Imagine you have a function \( y \) that depends on a function \( u \), and \( u \) depends on \( x \). Mathematically, this is expressed as \( y = f(u) \) and \( u = g(x) \).

• First, find the derivative of \( f(u) \) with respect to \( u \).
• Then, find the derivative of \( u \) with respect to \( x \).
• Finally, multiply these derivatives together.

This process makes differentiating complex functions manageable. In the example of \( y = 2(5x^2 - 1)^{-1} \), the outer function is \( u^{-1} \), where \( u = 5x^2 - 1 \). Differentiating the outer function and multiplying by the derivative of \( u \) provides the result.

The power rule is one of the simplest and most commonly used rules in differentiation. It's a method to find the derivative of expressions where a variable is raised to a power. Suppose you have a basic power function \( y = x^n \). The power rule states:

\[ D_x y = nx^{n-1} \]

What this means is you bring the exponent down, multiply it by the base raised to one less than the original exponent.

• If \( y = x^3 \), the derivative is \( D_x y = 3x^2 \).
• If \( y = x^{-1} \), then \( D_x y = -1x^{-2} \).

In the original problem, the power rule is applied to the re-expressed function \( (5x^2 - 1)^{-1} \). By bringing down the power and reducing the original exponent by one, and then multiplying by the derivative of \( u \), you get the derivative.

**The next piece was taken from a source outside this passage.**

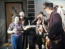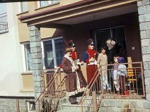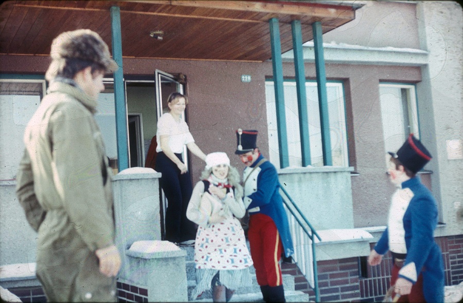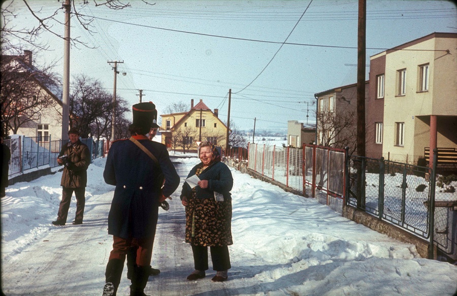 Článek v novinách: "SUCHÉ LAZCE. Tato integrovaná část okresního města si vedle vesnického rázu zachovala i podmanivou krásu lidových veselic, např. vedění medvěda. Pestrobarevný průvod masek, řízný tón kapely. Vajíčka, pečivo i lahvinka tvrdé domácí - to byly příspěvky, jejichž prodejem byly získány peníze, a ty věnovány potřebám místní organizace NF. Ta je použije třeba už za dva měsíce při májových oslavách. Záštitu nad hezkou masopustní akcí převzala Osvětová beseda."

Rational functions are quotients of two polynomials, such as \( y = \frac{2}{5x^2 - 1} \). Differentiating rational functions usually involves rules such as the quotient rule and chain rule. However, when the numerator is a constant, the chain rule combined with the power rule can be much simpler.

For these functions, first rewrite the function so the variable is in the numerator by expressing it as a negative power. Then apply the chain rule and power rule in steps:

• Identify the function's structure and re-express if necessary.
• Apply the power rule to the new form of the function.
• Apply the chain rule to handle the inner function’s derivative.

The solution was re-expressed as \( 2 \cdot (5x^2 - 1)^{-1} \), turning it into a manageable expression for applying these differentiation rules.